Que boit-on au bar nommé L’Étoile filante, dans lequel gravitent tous les personnages du film éponyme ? Une bière bien sûr. C’est la toute première réplique du film, déclamée avec un ton outré qui décontenance d’emblée. Mais une bière servie avec un amateurisme délirant et chaotique par un faux serveur, comme le montre plus tard une autre scène. Et quel cocktail boit-on au comptoir des cinéastes Fiona Gordon et Dominique Abel, qui signent ici leur cinquième long métrage ? On reconnait de nombreux points familiers de leur recette burlesque habituelle, mais l’ivresse procurée n’est pas émoussée pour autant.

Si les personnages des films précédent d’Abel et Gordon possédaient souvent une forme d’innocence un peu béate, les sombres protagonistes de L’Étoile filante semblent cette fois sortir d’un catalogue d’archétypes de films noirs : une femme fatale manipulatrice, un malabar taiseux et menaçant, une détective privée alcoolique et même un ex-terroriste en cavale, tous guidés par de sombres motivations. Les personnages ont beau être peu nombreux et bien identifiés, ce récit farfelu d’enlèvement et de réglement de compte donne régulièrement l’impression entêtante de trop s’alambiquer. C’est sans doute que, comme souvent chez le duo de cinéastes, la magie n’opère jamais aussi bien que lorsque le film abandonne joyeusement sa trame narrative.

C’est en effet quand le film déraille, aux sens propres et figurés, qu’il brille le plus. A de nombreuses reprises s’opère la même formule charmante : quand une scène fait soudain fi de vouloir raconter quelque chose, que les personnages se taisent et se mettent à laisser parler leurs corps, donnant lieu à des chorégraphies lunaires et un humour physique qui fait mouche.

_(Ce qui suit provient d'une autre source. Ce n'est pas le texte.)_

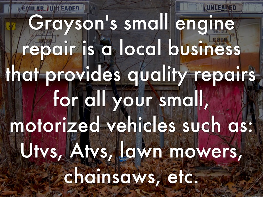 Grayson's small engine repair is a local business that provides quality repairs for all your small, motorized vehicles such as: Utvs, Atvs, lawn mowers, chainsaws, etc.

L’Étoile filante est riche en trouvailles visuelles, avec son sens du détail absurde et son univers doux-amer de film noir coloré et aviné évoquant Aki Kaurismäki, mais c’est dans ces éclats suspendus (une course poursuite qui se transforme en danse collective, un alcool si fort qu’il fait tomber du tabouret, un costume impossible à enfiler rapidement…) que le film dévoile le mieux sa folie douce et sa poésie.